秘密証書遺言書は、簡単に作れるのですが、公証人等の費用がかかるので、自筆と公正証書の中間的な存在だと思います。
どちらの利点も欠点も抱えているので、パソコンを使って自分で遺言書を作りたいとか、一定のニーズのある方に限られてくるのかなと思います。(個人的には、今度作ってみたいと思いますが。)

まずは自筆証書遺言書を作ってみよう

遺言書は、必要に迫られて「今すぐに作らなければならない」ということもありますし、まだ本当の内容は決まっていないけれど、事例にもありましたように「とりあえず書いておくと安心だ」ということもあると思います。

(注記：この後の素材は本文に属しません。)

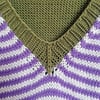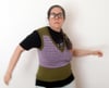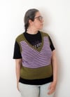 La musica e il testo di Stripsearch dei Faith no More, misteriose e inquietanti, si accordano con le emozioni vissute durante le settimane della quarantena qui a Milano, a ridosso dell’epicentro italiano dell’epidemia di Covid-19. Lavorare a questo gilet mi aiutava a rilassarmi. Il motivo a strisce aiuta a tenere desta l’attenzione senza complicare il lavoro. Il gilet si lavora top down a partire dalle spalle, il davanti ha la sezione a righe più alta, mentre sul destro una leggera sagomatura in vita gli dà maggiore forma (il davanti non è sciancrato). La costruzione top down rende possibile variare la lunghezza del gilet. Io ho lavorato la taglia M e, nella lunghezza indicata, ho terminato senza avanzi con 3 gomitoli di colore A. Il filato usato è Nordica di Sesia, una lana merino pura superwash che si rilassa abbastanza con il lavaggio, tenete presente questo nel lavorare il capo con il filato originale. Dato che il gilet è stato creato con avanzi, sentitevi libere di modificare lo schema dei colori, usandone uno solo o sviluppando differentemente le strisce.
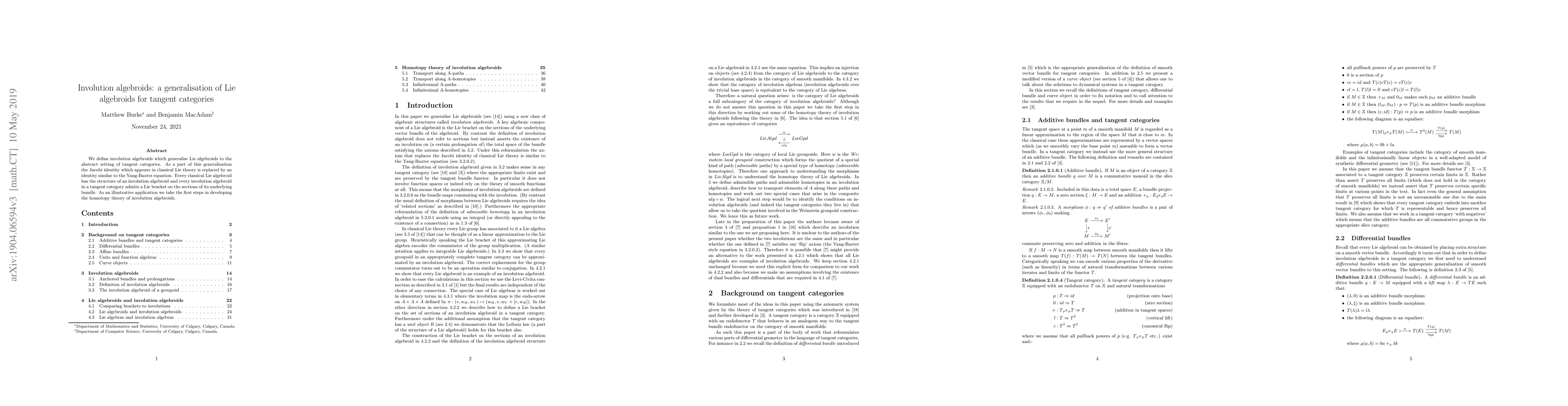 The paper defines involution algebroids as a generalization of Lie algebroids for tangent categories, replacing the Jacobi identity with an identity akin to the Yang-Baxter equation. It establishes that classical Lie algebroids fit within this new framework and explores initial steps in the homotopy theory of involution algebroids.
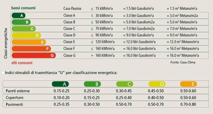 Una casa in classe A, ha un coefficiente di 0,01 al metro cubo, mentre una casa in classe G consuma almeno 0.055kw al metro cubo
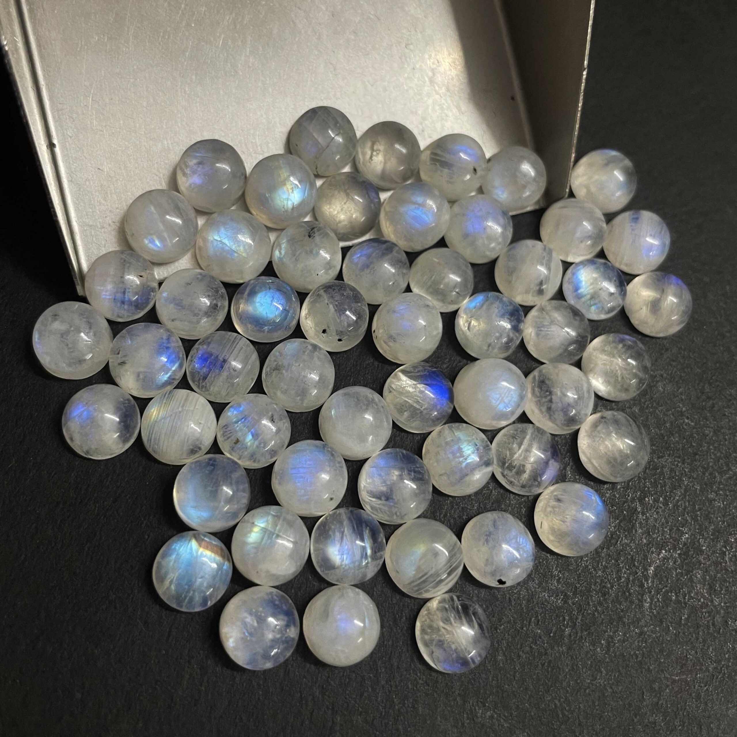 Home Rainbow Moonstone Natural Rainbow Moonstone Round Cabochon Gemstone Lot 37 Pcs 8 MM 65 CT
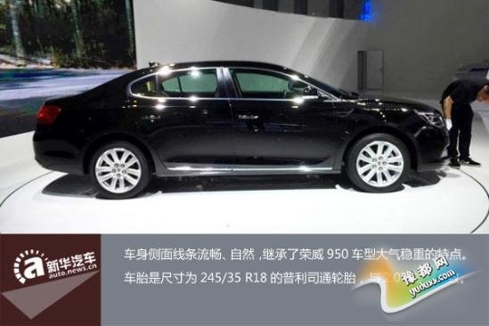 车身侧面线条流畅、自然,继承了荣威950车型大气稳重的特点。车胎是尺寸为245/35 R18的普利司通轮胎,与2.0T车型一致。
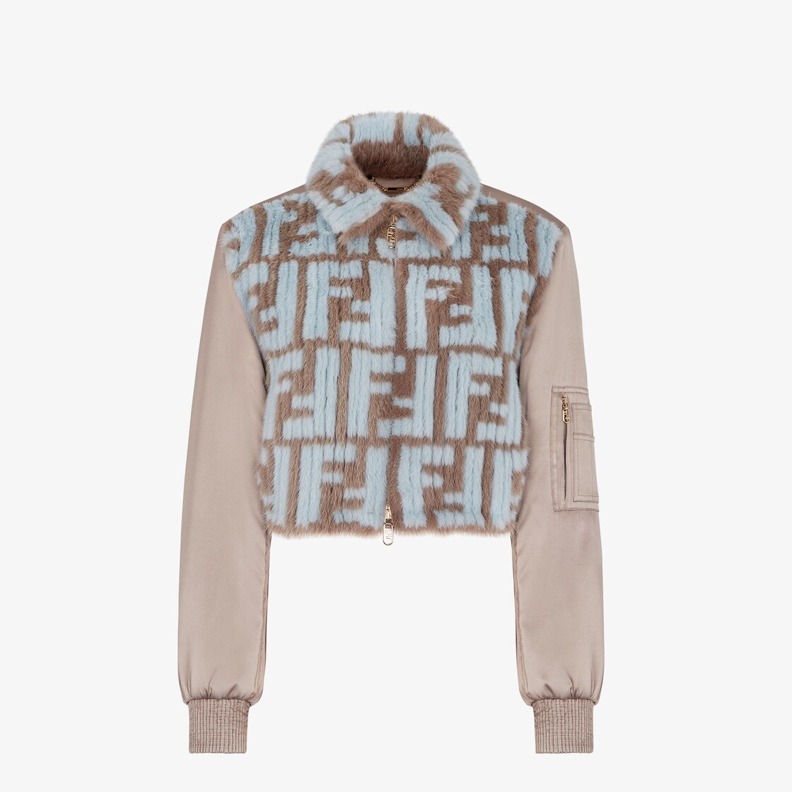 Bomber corto, chiuso con zip a doppio cursore. Collo a camicia e maniche in maglia a coste. Bordo a coulisse e taschino zip sulla manica destra. Realizzato in visone color tortora, con motivo FF stampato all over nei toni dell'azzurro. Schiena e maniche in satin color tortora. La particolare lavorazione Featherlike su base di chiffon rende il capo estremamente leggero da indossare. Chiusura nascosta da piping in satin.

多くの方は、後者のほうが多いと思いますので、まずは、書き直しが簡単にできる自筆の遺言書を作られることをおススメします。

一度書いたきりで、これで決まり!
とはせずに、「面倒を見てくれているから」とか、「あいつはなかなか帰ってこない」とか、そんな様々な事情を勘案しながら、何度か書き直しつつ気持ちを整理して、こうしようという方針が決まったら、最期は公正証書遺言にする。
というステップが安心・安全・納得の遺言書を作るうえでおススメです。


今回は、とりあえず自筆で遺言書をかいてみませんか? ということについて書かせていただきましたが、いかがでしたか?